Dawn Kelly, a teacher of grades 8-12, lost her husband last year, and feels as though her own grief flowed into COVID-19. 

"No break. No line in the sand. The ebb and flow … I thought, and sometimes said [to people who experienced other kinds of loss from the pandemic] ... welcome to my grief life," Kelly wrote in an email to the show.

There is a oneness, a loneliness, a disconnect in grief. There is in COVID-19, too.- Dawn Kelly

One of the lessons she's learned as she identifies "grief tools" that have helped her get through this time is the presence of others who will witness and spend time with her, but not attempt to change how she's feeling. 

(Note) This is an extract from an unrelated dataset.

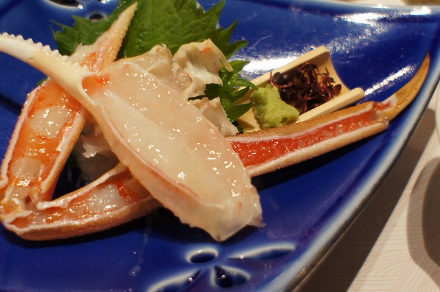 かに刺身ですね。あまくておいしいんですが、私は生より茹でたり焼いたりした方が好き。

"So few people are open to knowing how challenging the grief walk is. They are afraid to walk beside me. No fixing. No happying out of my sad. Just [be] with me in my 'darkest hours.' There is a oneness, a loneliness, a disconnect in grief. There is in COVID-19, too. How ill-prepared and fearful we are, to sit in and with ourselves." 

McKenzie agrees.

"Allowing you to grieve and cry and do stuff the way you need to, in order to remember and mark the passing, is going to be vital," he said.

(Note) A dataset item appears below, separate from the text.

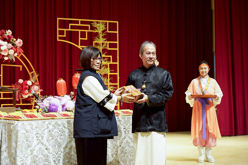 一覺元學會也準備了新春賀禮,由李晏菱理事長代為敬呈 師父上人並頂禮感恩 上師長年教導,表達學員們最深摯的感激之情。

How to build resilience during a pandemic 

Be in touch 
Keep connected with people. That connection is better if it's verbal, or via Skype or Zoom rather than text, says Dr. Kwame McKenzie.

Move your body
Exercise because that helps neurogenesis, says McKenzie.

Stay in the present moment
Practise mindfulness.

Learn new things, take up hobbies, read books.

Be kind
Give back to your community.

"Have a scheme and a schedule for the day," says McKenzie. "Having a shape to the day makes an important difference." 

Watch your media diet
"Be careful about how much media [you] consume and what types of media [you] consume," says McKenzie.

"Trying to find messages of things you can do something about, it's going to be ... much better for you."